Below is a short list. None of these are exotic. What separates CFOs who run profitable specialty contracting businesses from CFOs who chase variances in arrears is rarely the sophistication of the metrics. It is the cadence and the data quality behind them.
Labor cost variance by cost code
The first metric on the list, and the one most likely to flag trouble before anything else does, is labor cost variance at the cost code level. Project-level variance is too coarse. A job can be 5 percent over on labor in aggregate while two cost codes are running 30 percent over and three are running under, and the executive summary will hide all of it.
Labor is the largest controllable cost on most specialty contracting projects. The Construction Financial Management Association, citing FMI research, notes that labor costs typically account for 15 to 30 percent of total project costs on heavy and civil work, and the share runs higher on most trade contractor jobs. CFMA also points out that cost-to-complete forecasting, which depends on accurate weekly labor data, is one of the markers that distinguishes higher-margin contractors from lower-margin ones.
Weekly variance at the cost code level should be the first report a CFO opens on Monday morning. Anything more than a 5 percent deviation on an active cost code is a conversation. Anything more than 10 percent is an action item.
Hours-to-budget by project, weekly
Closely related, but worth tracking separately, is hours-to-budget.

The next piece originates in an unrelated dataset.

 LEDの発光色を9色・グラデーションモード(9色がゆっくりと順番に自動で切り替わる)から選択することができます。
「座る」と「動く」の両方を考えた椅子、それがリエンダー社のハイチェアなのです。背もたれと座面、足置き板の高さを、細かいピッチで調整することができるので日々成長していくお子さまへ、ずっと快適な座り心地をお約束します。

This is the simpler version of the same question: are the hours being burned tracking against what was estimated? It is the leading indicator that catches problems before they show up in dollars.
The reason to keep it separate is that wage inflation, classification mix, and burden rates can all distort the dollar view. Hours are cleaner. If a crew estimated at 600 hours has burned 450 by the end of week three on a four-week scope, that is a problem regardless of what the dollar variance looks like.

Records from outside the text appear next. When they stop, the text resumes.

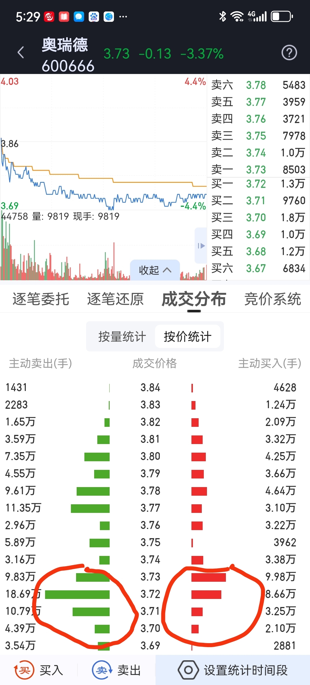 3.71-3.73元主动卖出39万手,主动买入22万手,相差17万手,被洗出去不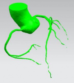 首先通過病人的心臟冠脈造影CT數據,獲取病人的心臟冠脈三維模型。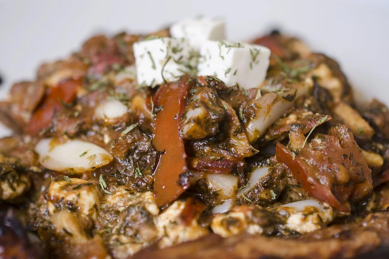 ШАГ 5 Выкладываем гарнир на тарелку, сверху украшаем несколькими кубиками сыра фета и укропом.

This metric depends on knowing, with confidence, who was on the job and for how long. That is harder than it should be. The 2023 FMI Labor Productivity Study, which surveyed more than 250 senior leaders from labor-intensive self-performing contractors, found that 60 percent of respondents believe 11 percent or more of field labor costs are wasted or unproductive, with industry-wide losses estimated at $30 billion to $40 billion annually. The study also found that 79 percent of contractors believe they could improve labor productivity by 6 percent or more with better management practices. Most of that improvement starts with knowing where the hours actually go.
T&M billing readiness
For specialty contractors doing time-and-materials work, weekly T&M billing readiness is non-negotiable. The question is simple: of the T&M hours worked this week, what percentage are documented well enough to bill without dispute?
The reason this metric matters weekly, not monthly, is that the documentation gets harder to reconstruct as time passes. A foreman who can confirm a crew’s presence on a particular morning two days later may not be able to do it two weeks later. By the time a billing dispute reaches the GC’s project manager, the contractor’s leverage has eroded.

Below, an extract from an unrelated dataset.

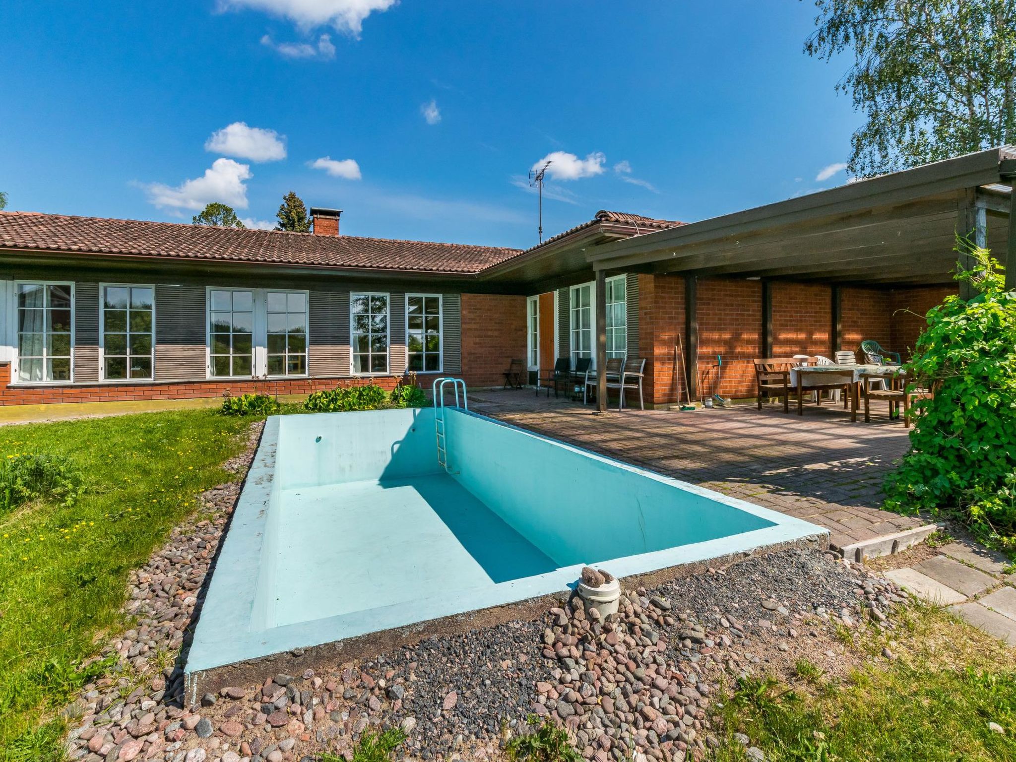 70 km nördlich von Turku, Loimijoki Fluss (Breite 45 m), tiefes Wasser, weicher Lehmboden, eigenes Boot. Backsteinhaus, Baujahr 1968, renoviert 2001, Küche, Wohnzimmer, 5 Schlafzimmer mit je 2 Betten, TV-Raum, Ankleideraum, Waschraum, Sauna mit Elektroherd, grosse Terrasse mit Aussenpool 7 x 2.8 km, 125 cm tief. Ehemaliges Bauernhaus. Breiter Rasen, umgeben von Nebengebäuden des Hofes (nicht im Gebrauch). Nächster Nachbar ist der Eigentümer 80 m entfernt, keine Aussicht. Das Flussufer ist nicht für kleine Kinder geeignet. Reitmöglichkeiten am Kannisto Hof 5 km. Wald- und Natursauflüge nach Vereinbarung. Alastaro-Strecke 15 km.

The CFOs who track this weekly tend to do so because they have been on the wrong end of a T&M dispute. Once is enough. Accurate weekly tracking of construction cost tracking data, including verified labor presence tied to specific cost codes, is what turns a billing conversation into a routine approval. When the data is clean, the GC has nothing to dispute. When it is not, the contractor absorbs the difference.
Days sales outstanding, by project
Aggregate DSO is a useful number for the bank. Project-level DSO is a useful number for the CFO.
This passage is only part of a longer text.